Records excerpted from a collection -
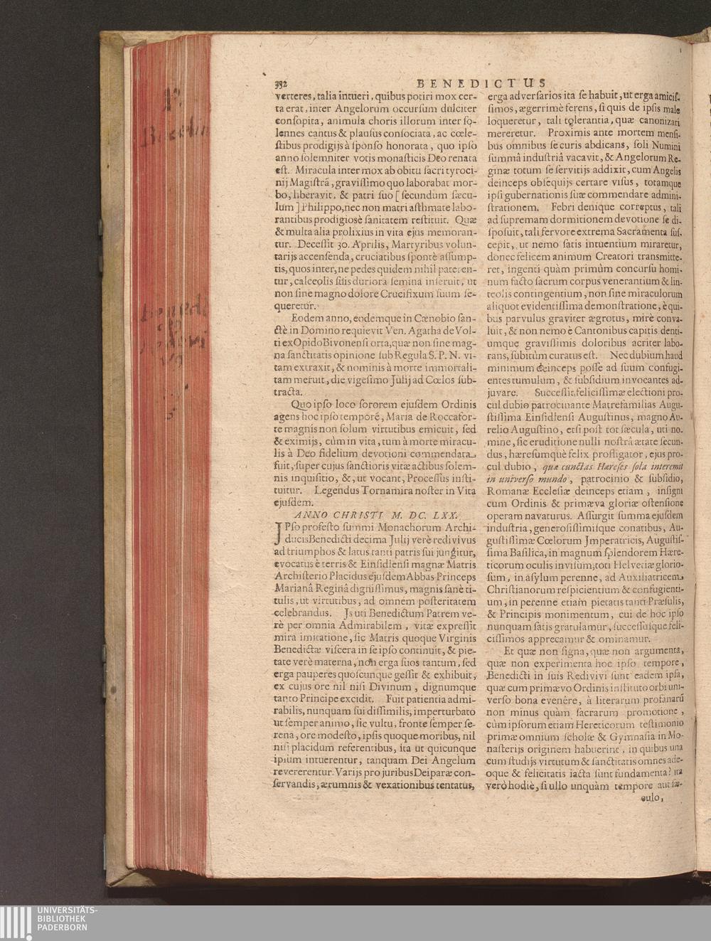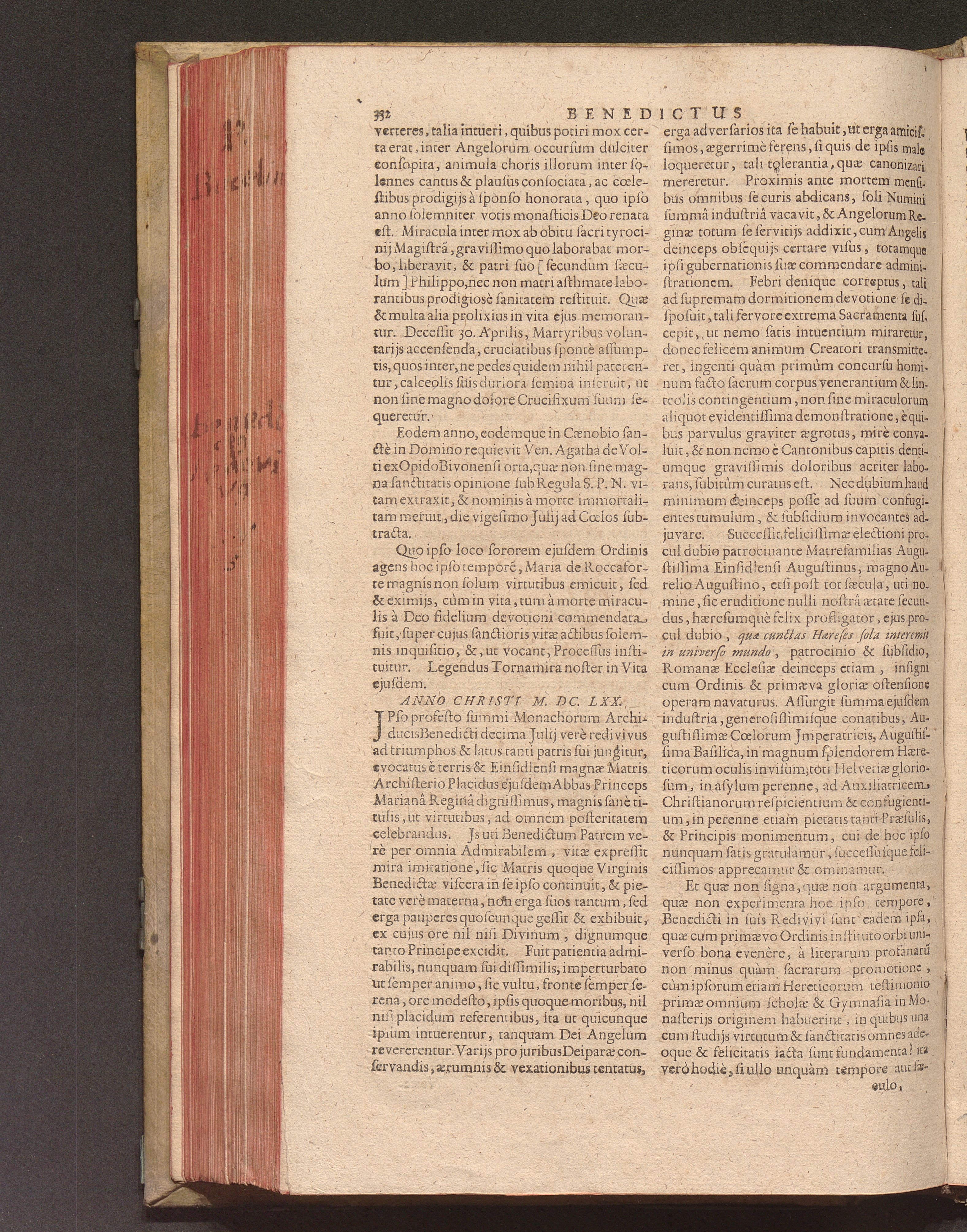 Benedictus Redivivus Hoc est: Benedictinj Ordinis Vetustißimi Amplißimique, Nostra, ac supera ætate Jmmarcescibilis Vigor, ac Viror : Anniversariâ Vernantiâ Chronologicè comprobatus, ac demonstratus Ab anno Christi M. D. Ad Præsentem Usque Ætatem, Et Annos Nostros, Jn Quo ... Operationes Jn Effusione Mirabili sui Spiritus ... quam compendiosissimè exhibe[n]tur / Opera, & Studio R. P. F. Gabrielis Bucelini Ascetæ Benedictini Imperialis Monasterij VVeingartensis Prioris S. Joannis Bapt. in Oppido Rhætiæ Superioris Veldkirchensi
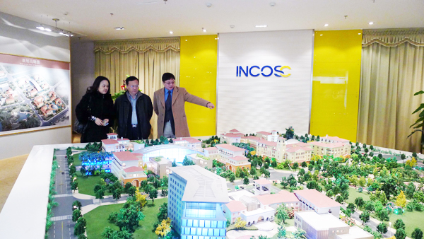 北京北大未名生物工程集團有限公司總裁楊曉敏(左一)、董事長(cháng)潘愛(ài)華(左二)在國際干細胞聯(lián)合研究中心(INCOSC)、博雅干細胞庫(BOYALIFE)董事長(cháng)許曉椿博士的陪同下,參觀(guān)國際干細胞聯(lián)合研究中心(INCOSC)展廳
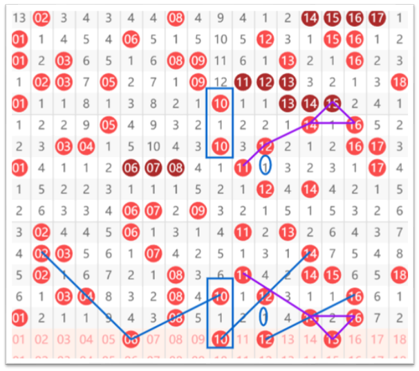快乐8第2026057期01-20区域,推荐的第一个号码06号,大家可以看到02间隔一期给04,再间隔一期给06的间隔一斜连,以及10间隔一期给08,再间隔一期给06的间隔一期走势。然后就是10号上下对称的一个间隔一走势,还有12号上下对称的一个间隔一走势,以及紫色箭头标注的15号一个同形态走势。
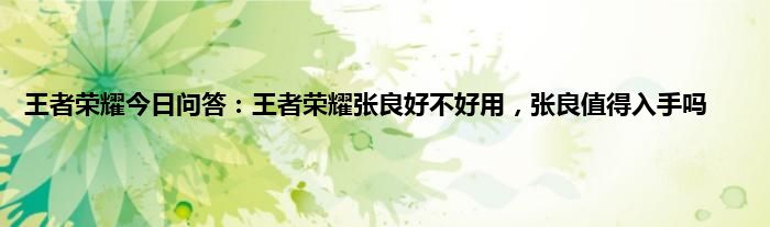 今天来聊聊关于王者荣耀今日问答:王者荣耀张良好不好用,张良值得入手吗的文章,游戏是很多人的选择,但是游戏玩多了也会身心疲惫,现在就为大家来简单介绍下王者荣耀今日问答:王者荣耀张良好不好用,张良值得入手吗,希望对各位小伙伴们有所帮助。
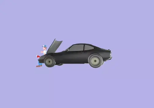 This stylized 3D male mechanic character features a cheerful cartoon technician sitting casually on the front bumper of a black sports car with its hood open. He holds a red pipe wrench in his right hand while extending his left arm outward as if greeting or interacting, making him perfect for automotive-themed scenes, workshops, repair animations, ads, or garage environments.
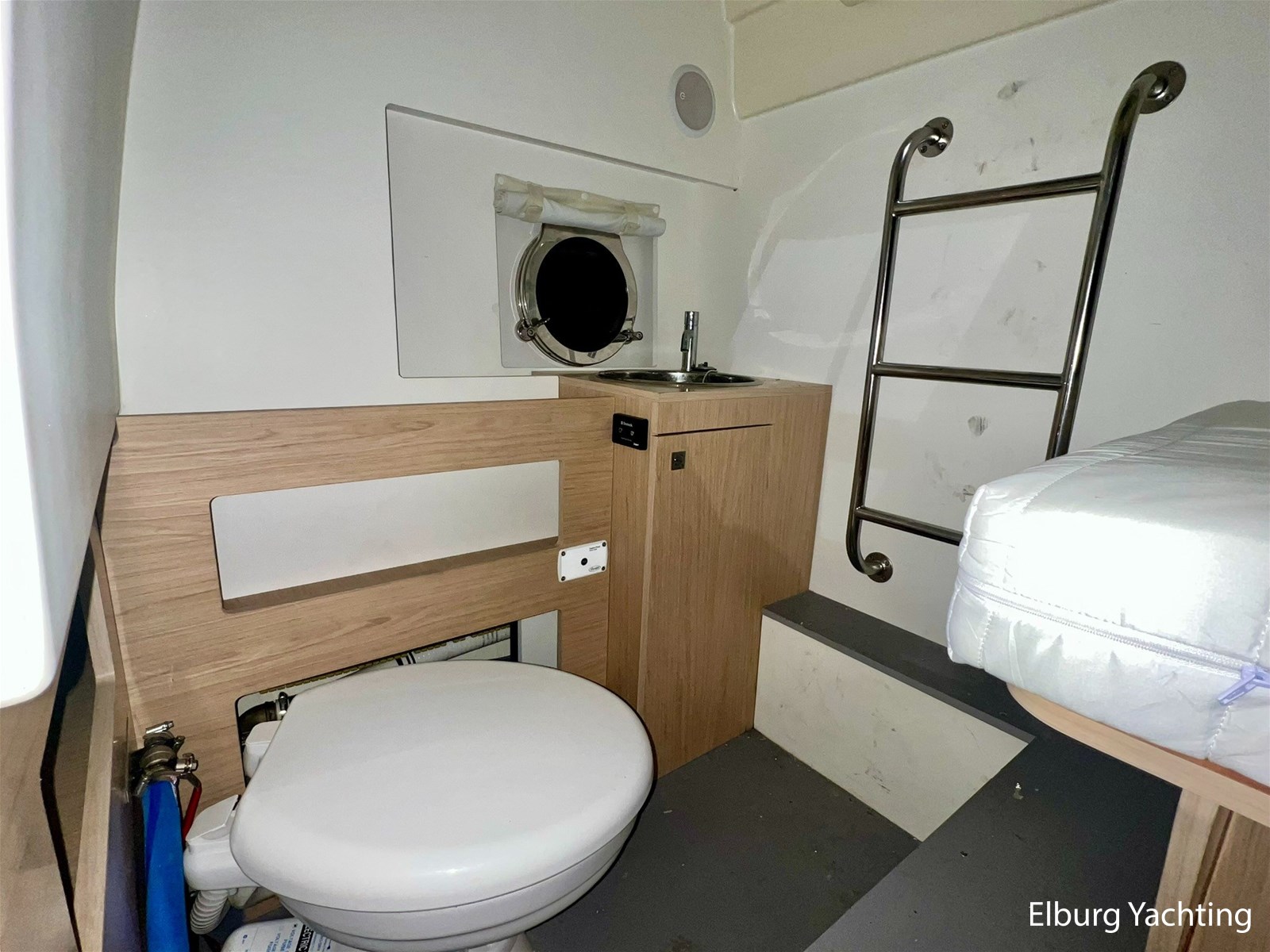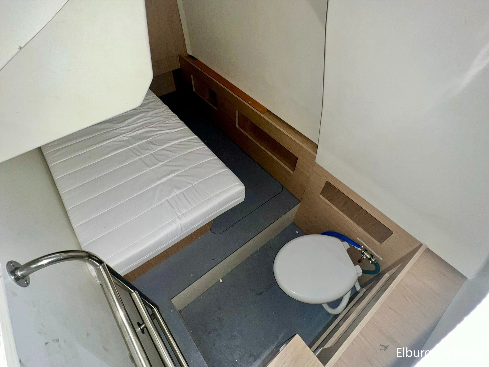 Zeer compleet uitgevoerde Monte Carlo 5S. De 5S-serie onderscheidt zich door stoere en sportieve looks en een hardtop met een buitenlounge op het dak. Vanaf het hydraulisch beweegbare zwemplateau wordt de open kuip betreden. De kuip heeft een geïntegreerde bank met bijbehorende kussens en vaste tafel. Aan SB zijde in de kuip bevindt zich de toegang tot de extra hut (crew cabin) in het achterschip, deze hut is tevens te gebruiken als extra opbergruimte. Via de open kuip stap je eenvoudig op naar het gangboord met goede houvast rondom voor een veilige loop over het dek. Op het voordek zijn twee geïntegreerde klapbare zonnebedden aanwezig. Via een geïntegreerde trap vanuit de kuip betreed je de buitenlounge op het dak. Deze buitenlounge heeft een in hoogte verstelbare tafel waarmee er ook een groot zonnebed gecreëerd kan worden. De salon en de kuip laten zich verbinden door drie grote glazen wegklapbare deuren. De kombuis is gesitueerd bij de ingang van de salon. Door het openen van de salondeuren wordt de kombuis volledig betrokken bij de kuip. De salon gecombineerd met de stuurstand bevindt zich op dekniveau. Via de de grote ramen rondom (getint) is er goed zicht en komt er veel licht binnen. Het buitengevoel naar binnen brengen kan door het openen van het grote elektrisch bedienbare schuifdak en twee zijruiten. Benedendeks bevinden zich drie hutten voor in totaal zes personen. De 2-persoons eigenaarshut bevindt zich midscheeps over de volledige breedte van het schip. Deze hut is voorzien van eigen sanitair en-suite. Aan stuurboordzijde bevindt zich een 1 x 2 persoons stapelbed en in de voorhut een 2-persoons Frans bed. Centraal is er een tweede badkamer met douche en toilet gesitueerd. Deze Monte Carlo 5S is verder voorzien van: achteruitkijk camera via plotterscherm, elektrisch bedienbare gangway, kuip afsluitbaar met deur naar zwemplateau, TV op lift in salon, Volvo ship/motormanagement display bij stuurstand, Fusion audiosysteem, trimtabs, Yachtcontroller afstandsbediening om te manoeuvreren middels de IPS aandrijving + boegschroef. Voor vragen en/of het maken van een afspraak bent u 7 dagen per week van harte welkom bij Elburg Yachting.
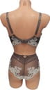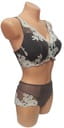 Biustonosz został wykonany z oddychającej tkaniny, która pozwala skórze swobodnie oddychać, co zapobiega poceniu się piersi. Szare miseczki są pokryte delikatną koronką z motywem kwiatowym, która subtelnie przechodzi w górę, tworząc efektowny i niezwykle zmysłowy wygląd.
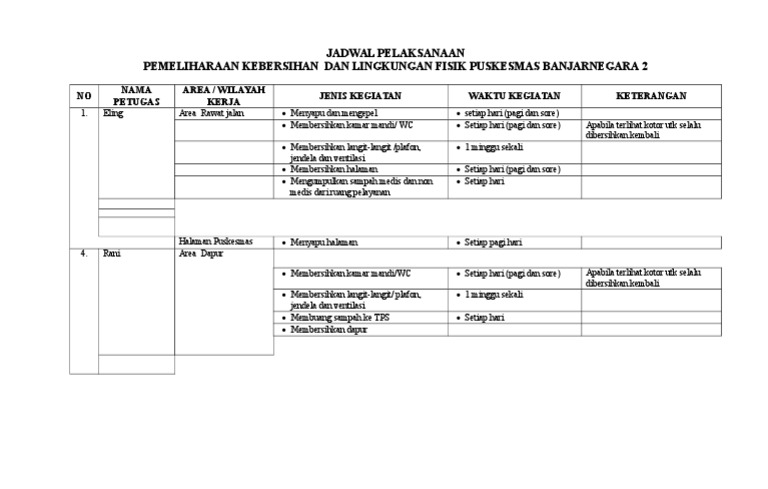 Contoh kerangka acuan pengelolaan air bersih rs. Membersihkan kaca bagian dalam dan luar 5. Secara umum ada dua sistem jam kerja yang diterapkan perusahaan di indonesia yakni full time dan shift. Contoh sk untuk tenaga harian lepas di puskesmas. Lowongan kerja medan cleaning service. Mau minta tolong ada yang bisa bantu saya untuk memberikan solusi membuat jadwal 2 shift dengan karyawan 11 orang untuk cleaning serviceterima kasih.
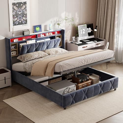 Klädd säng 180x200, säng med bagageutrymme och lamas moderna dubbelsängar mjukt sammetstyg med hydraulisk förvaringsutrymme och sänggavel, utan madrass (grå B, 180 x 200 cm)
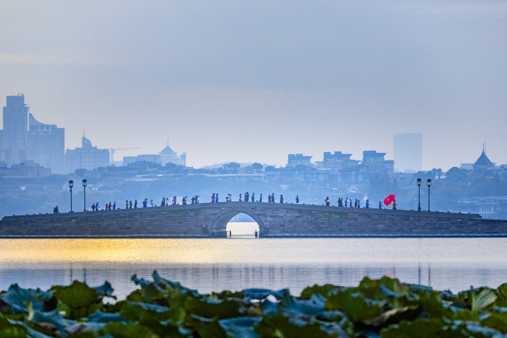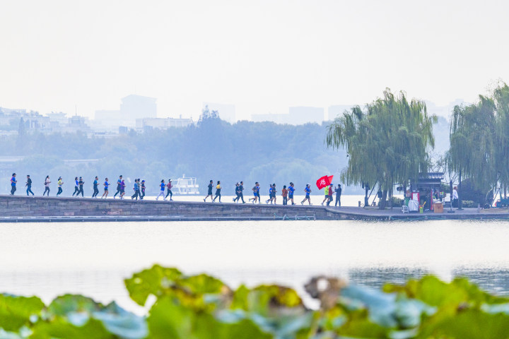 一次在西湖边的晨跑后,她写道:我好像在画中跑步,西湖太美了!
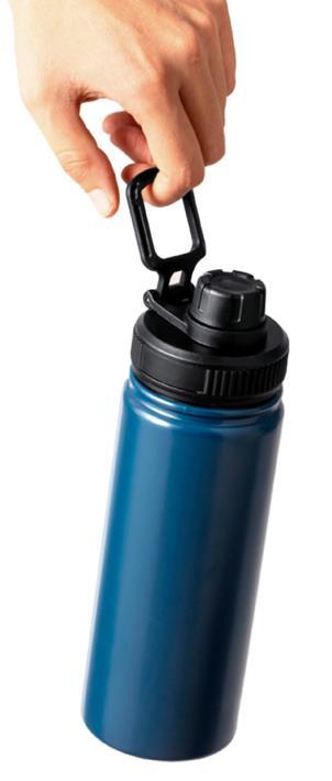 750 ml capacity bottle, made in stainless steel with glossy finish. With matching, original screw cap in stainless steel, and integrated handle. BPA free and presented in an individual box with kraft design.
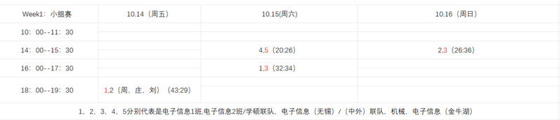 本次比赛共计五支队伍,分为A、B组进行积分淘汰赛,并由每组的前两名跻身半决赛进行下一阶段的比拼。他们分别是来自A组的南京电子信息1班,南京电子信息2班/控制科学与工程联队,无锡电子信息/电子信息(中外合作)联队,以及来自B组的机械,金牛湖电子信息。
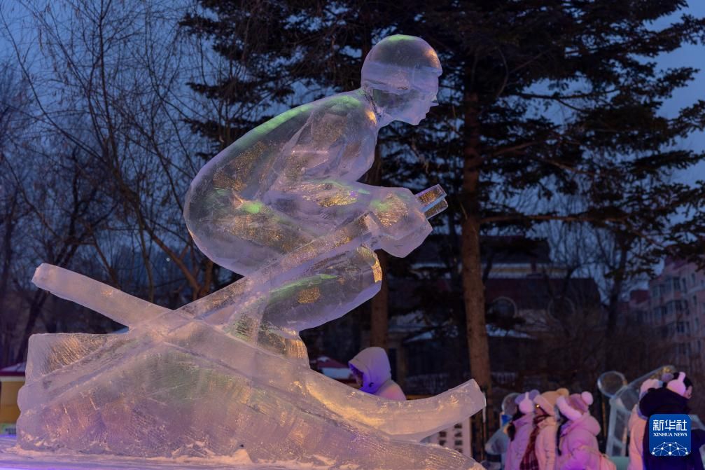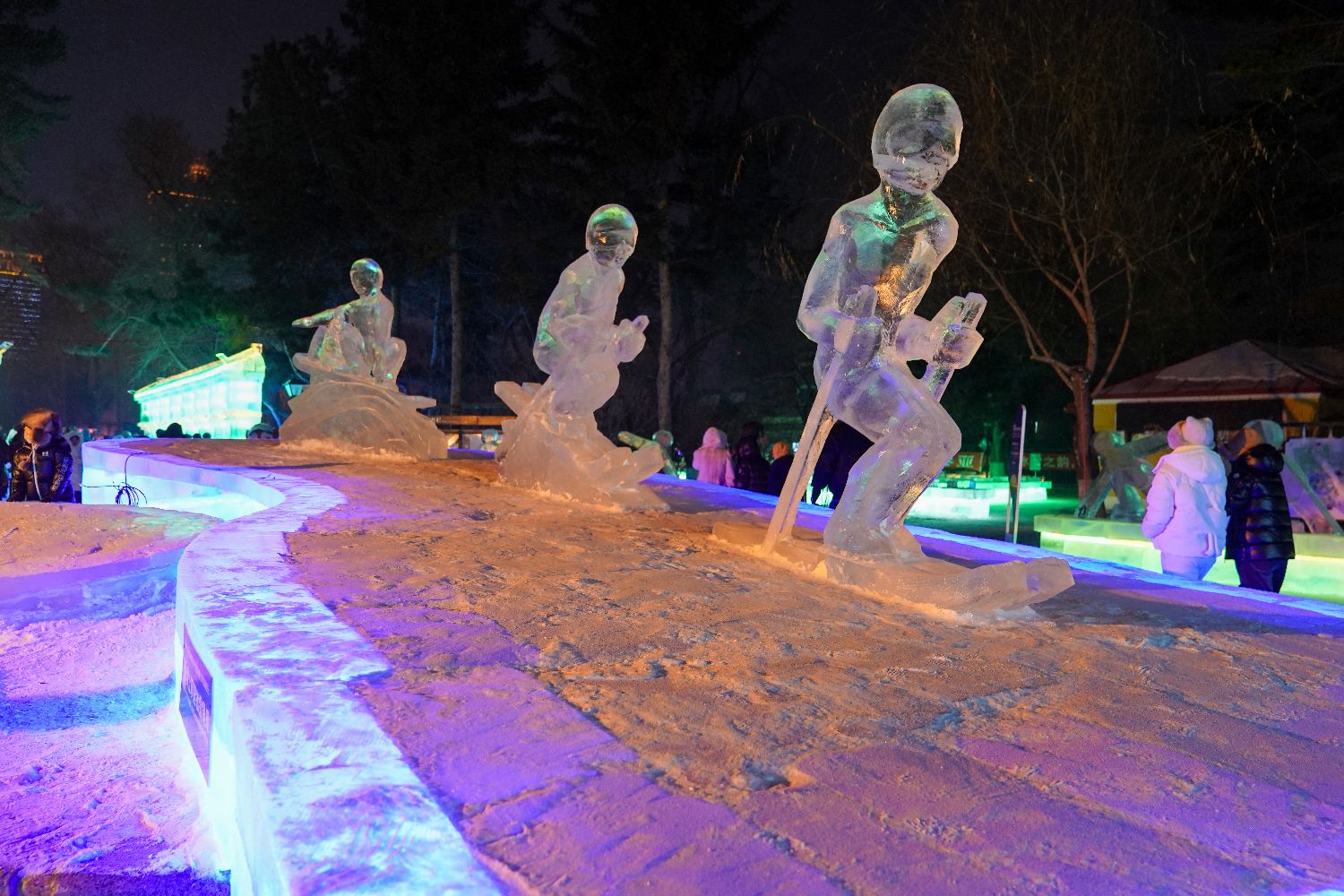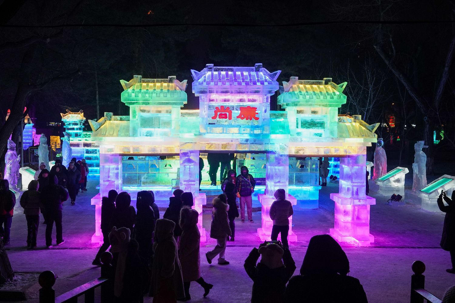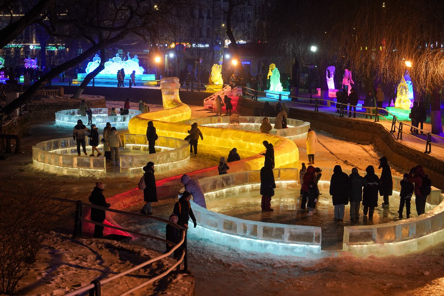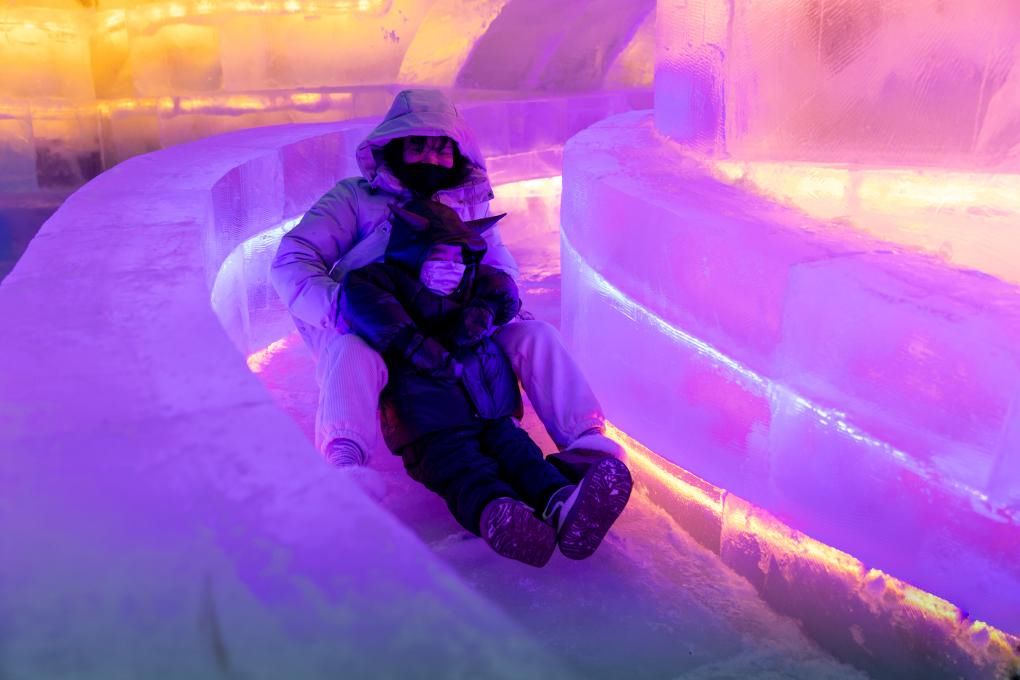 人们在第51届冰灯艺术游园会滑滑梯。(图片来源:新华社)

What you need to do -
The copy must start at the line containing "Klädd säng 180x200, säng" and end at the last line of the data, matching each line exactly. It must hold no pictures.

Solution to the exercise -
 Klädd säng 180x200, säng med bagageutrymme och lamas moderna dubbelsängar mjukt sammetstyg med hydraulisk förvaringsutrymme och sänggavel, utan madrass (grå B, 180 x 200 cm)
 一次在西湖边的晨跑后,她写道:我好像在画中跑步,西湖太美了!
 750 ml capacity bottle, made in stainless steel with glossy finish. With matching, original screw cap in stainless steel, and integrated handle. BPA free and presented in an individual box with kraft design.
 本次比赛共计五支队伍,分为A、B组进行积分淘汰赛,并由每组的前两名跻身半决赛进行下一阶段的比拼。他们分别是来自A组的南京电子信息1班,南京电子信息2班/控制科学与工程联队,无锡电子信息/电子信息(中外合作)联队,以及来自B组的机械,金牛湖电子信息。
 人们在第51届冰灯艺术游园会滑滑梯。(图片来源:新华社)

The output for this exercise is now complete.